Last Sunday was Jessica’s ninth birthday – the third birthday that we have had to mark without her. Special days, anniversaries and milestones are always very emotional days, but we try to find ways of remembering Jessica that allow for smiles as well as sadness. It is becoming a tradition now to mark Jessica’s birthday with a special birthday picnic at her forever bed. We take her birthday cake with us, sing Happy Birthday to her and then eat cake while sitting there with her.
It might seem silly, but I still put as much thought and effort into making Jessica’s birthday cake now as I did when she was alive. It’s one of the few things that I can still do for her on her birthday. It feels right to put that effort in, knowing how much she loved cake and remembering the joy on her face when the birthday cake was brought in for her to blow her candles out. She probably wouldn’t have requested a Hey Duggee cake at nine years old, but six-year-old Jessica loved Hey Duggee and would have loved it. Best of all, it was chocolate cake – and Jessica could never resist chocolate cake!

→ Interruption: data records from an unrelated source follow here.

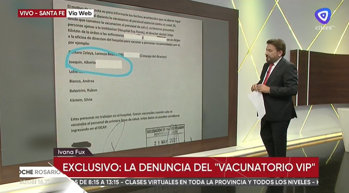 Un documento difundido este miércoles en el programa Telenoche Rosario (El Tres) contiene los nombres de las personas que presuntamente habrían sido privilegiadas en el “vacunatorio VIP” del hospital Eva Perón de Grandera Baigorria.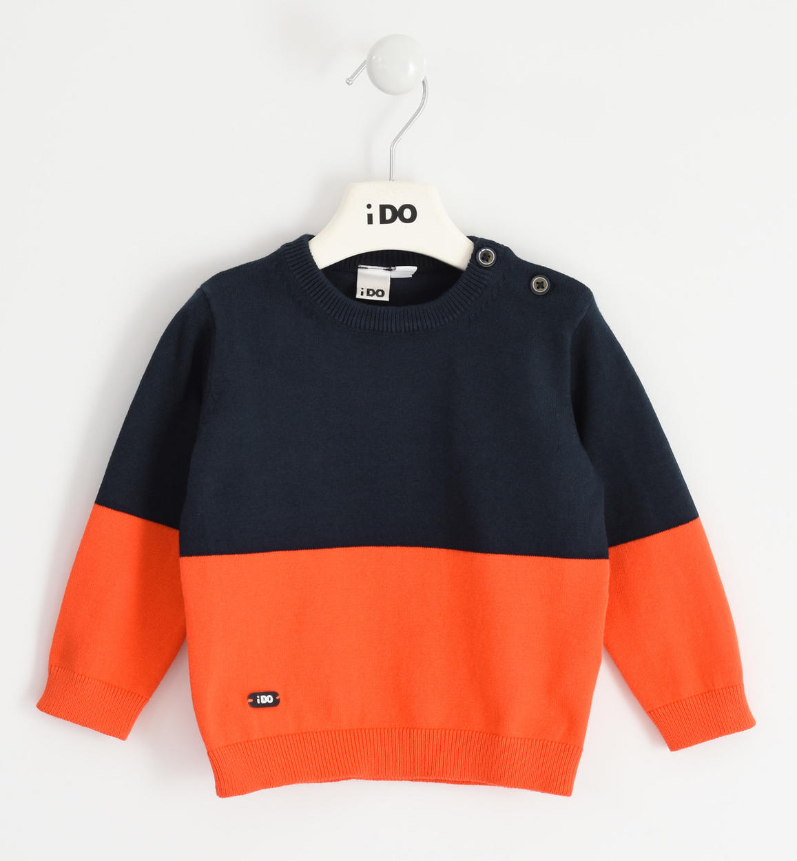 Crew neck tricot with colour blocks for boy from 30 months to 7 years iDO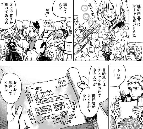 ライオス達が現代のデパ地下に、ファリンの誕生日ケーキを買いに来た、という設定です。目的地のお店まで行くにも、現代人でないライオス達には一苦労のようです。

Jessica’s birthday is right at the start of the school year. For the last couple of years, her birthday has been on a school day, so it’s been a bit of a mad dash after school to get to Jessica’s forever bed and have some time with her before closing time. It was good this year to be more leisurely and not feel rushed in our time with Jessica as her birthday fell on a Sunday. It was also the first time that it’s just been the four of us there for her birthday picnic. Just us, taking all the time we needed.
We have our little rituals for visiting Jessica. I always sing her special song to her – one that I made up when she was little; my song just for her. We always bring the water for her vase in Jessica’s personalised water bottle that she used to use. Sophie likes to arrange the flowers. Several people had sent us flowers in memory of Jessica for her birthday and I’d taken a flower or two from each bouquet to make up her birthday bouquet. It felt like a way of trying to pass on those thoughts and love to Jessica.

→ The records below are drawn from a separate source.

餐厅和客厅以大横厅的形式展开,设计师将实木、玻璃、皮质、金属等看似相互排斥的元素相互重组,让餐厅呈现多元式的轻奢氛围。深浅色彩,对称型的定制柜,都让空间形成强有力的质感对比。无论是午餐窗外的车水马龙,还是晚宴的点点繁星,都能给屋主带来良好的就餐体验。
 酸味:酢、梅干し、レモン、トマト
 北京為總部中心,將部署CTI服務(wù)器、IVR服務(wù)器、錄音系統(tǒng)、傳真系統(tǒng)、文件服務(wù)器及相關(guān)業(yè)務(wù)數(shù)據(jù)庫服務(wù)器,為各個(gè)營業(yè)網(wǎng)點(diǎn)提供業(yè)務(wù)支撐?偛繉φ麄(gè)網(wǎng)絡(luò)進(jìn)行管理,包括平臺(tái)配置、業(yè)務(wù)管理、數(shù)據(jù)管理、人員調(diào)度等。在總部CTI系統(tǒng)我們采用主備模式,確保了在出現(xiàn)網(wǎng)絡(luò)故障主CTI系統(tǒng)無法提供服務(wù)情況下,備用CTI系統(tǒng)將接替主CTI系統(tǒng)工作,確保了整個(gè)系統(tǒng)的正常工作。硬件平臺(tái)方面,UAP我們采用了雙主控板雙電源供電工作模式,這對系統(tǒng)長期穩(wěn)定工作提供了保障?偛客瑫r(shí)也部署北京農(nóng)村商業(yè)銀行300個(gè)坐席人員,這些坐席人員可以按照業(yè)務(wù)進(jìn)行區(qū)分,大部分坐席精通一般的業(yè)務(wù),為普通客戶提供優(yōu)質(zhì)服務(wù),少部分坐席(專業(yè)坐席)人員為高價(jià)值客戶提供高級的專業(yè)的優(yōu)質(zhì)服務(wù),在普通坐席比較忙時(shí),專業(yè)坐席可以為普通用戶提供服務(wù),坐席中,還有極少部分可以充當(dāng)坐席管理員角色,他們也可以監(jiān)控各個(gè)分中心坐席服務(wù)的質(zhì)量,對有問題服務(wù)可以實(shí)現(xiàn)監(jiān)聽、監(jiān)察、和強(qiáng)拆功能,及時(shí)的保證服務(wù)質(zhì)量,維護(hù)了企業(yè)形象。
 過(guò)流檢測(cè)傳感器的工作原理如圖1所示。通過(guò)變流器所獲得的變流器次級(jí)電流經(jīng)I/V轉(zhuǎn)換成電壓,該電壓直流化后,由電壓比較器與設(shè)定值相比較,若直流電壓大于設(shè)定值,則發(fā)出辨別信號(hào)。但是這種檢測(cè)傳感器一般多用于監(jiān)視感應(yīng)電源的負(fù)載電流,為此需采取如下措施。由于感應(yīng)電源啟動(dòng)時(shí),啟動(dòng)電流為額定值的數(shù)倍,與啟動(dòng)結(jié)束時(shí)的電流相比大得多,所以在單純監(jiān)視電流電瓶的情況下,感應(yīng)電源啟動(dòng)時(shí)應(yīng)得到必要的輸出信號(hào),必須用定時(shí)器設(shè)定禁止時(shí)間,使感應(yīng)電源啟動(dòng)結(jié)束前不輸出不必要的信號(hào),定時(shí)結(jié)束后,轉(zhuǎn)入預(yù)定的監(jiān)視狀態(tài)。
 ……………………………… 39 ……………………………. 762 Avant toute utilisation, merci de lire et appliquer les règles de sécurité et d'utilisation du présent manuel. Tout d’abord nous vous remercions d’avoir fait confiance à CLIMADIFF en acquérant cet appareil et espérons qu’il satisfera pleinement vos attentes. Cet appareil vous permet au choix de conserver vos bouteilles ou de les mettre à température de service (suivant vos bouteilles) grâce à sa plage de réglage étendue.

Sophie arranged the flowers while we set up the picnic blanket and got the cake ready. We sang Happy Birthday, cut the cake and chatted to Jessica as we ate our slices. Sophie sprinkled a few crumbs over Jessica’s forever bed so that “Jessica could have some cake too”. Thomas thoroughly enjoyed his cake. He is so much like Jessica when it comes to cake and watching Thomas eating cake always brings back memories of Jessica.
There were tears, and smiles, moments of sharing memories, or telling Jessica news, and moments when we were quiet. Moments when Sophie or Thomas would give Jessica’s wooden carving a cuddle and moments when they were more interested in finding acorns or picking up sticks.

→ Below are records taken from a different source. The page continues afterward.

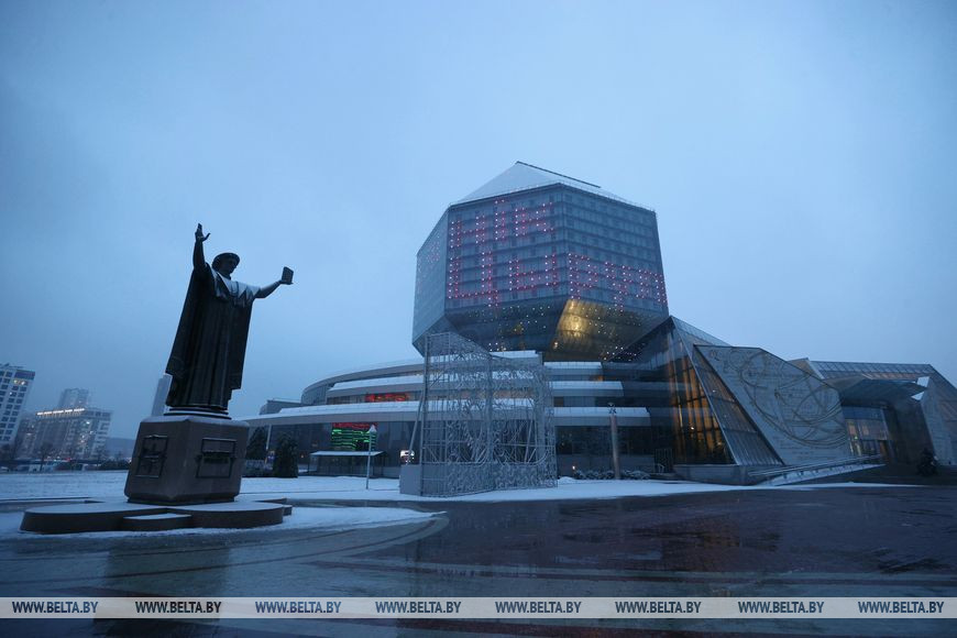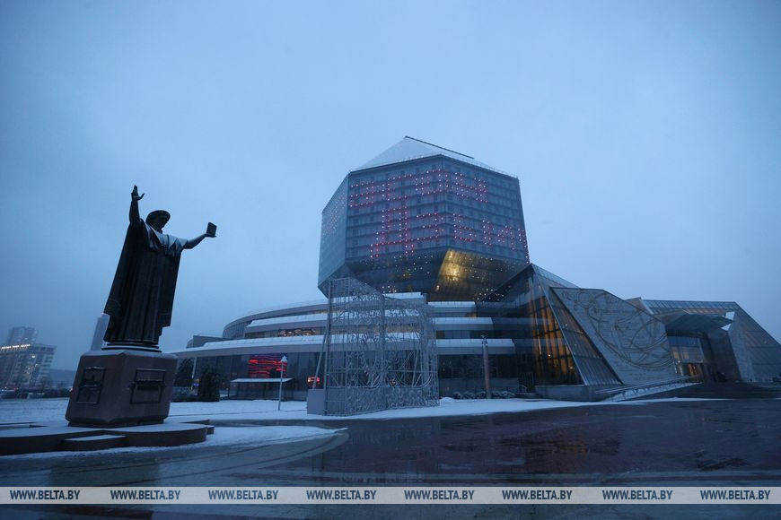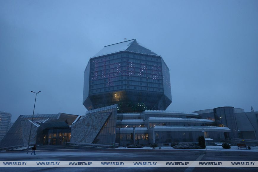 20 февраля, Минск /Корр. БЕЛТА/. Три вечера - с 19 по 21 февраля - на внешнем электронном световом табло Национальной библиотеки можно будет увидеть праздничные графические рисунки с известными стихами, цитатами классиков белорусской литературы, белорусскими словами, отражающими красоту и уникальность родного языка.-0-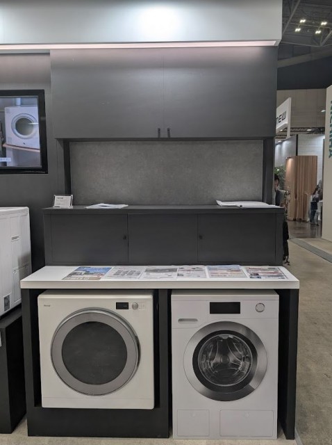 大人気の衣類のガス乾燥機乾太くんの置台はいくつかのメーカーが展示していました。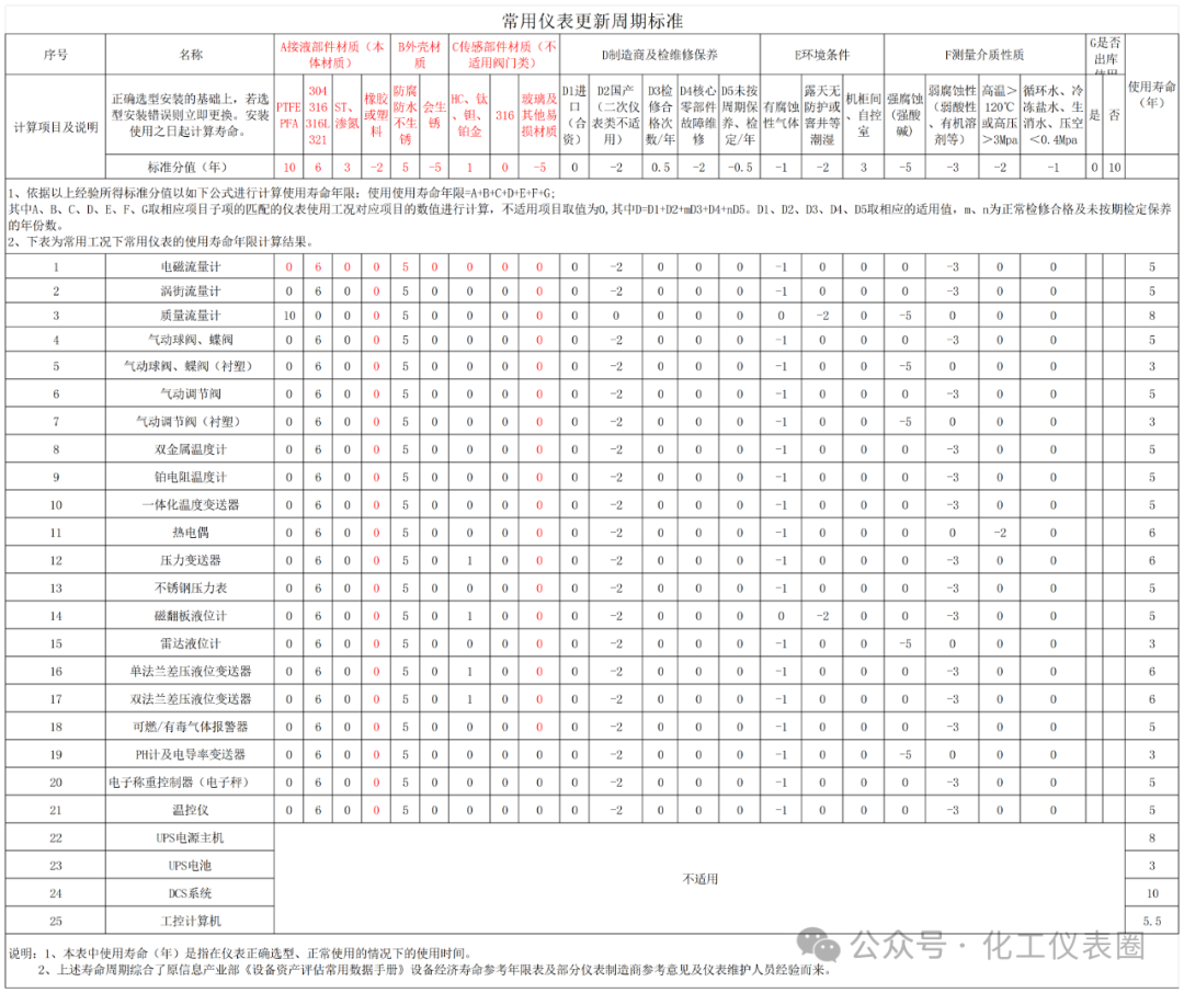 最后附上常用仪表更新周期标准,来源《化工仪表圈》,表格解析:

It is all so very wrong of course that this is how we celebrate Jessica’s birthday. Jessica’s forever bed is in a beautiful, tranquil place but I wish we didn’t have somewhere like this to visit. It is all so very wrong that I have to bring flowers to Jessica’s forever bed instead of getting to watch her unwrapping presents, and that although I can make her a cake, I’ll never get to see her blow out birthday candles again. But as this is our reality, we try to still make her birthday special. Remembering the beautiful moments, and being thankful for the time we had with our beautiful girl. Reminding ourselves that she is still with us and still so very loved.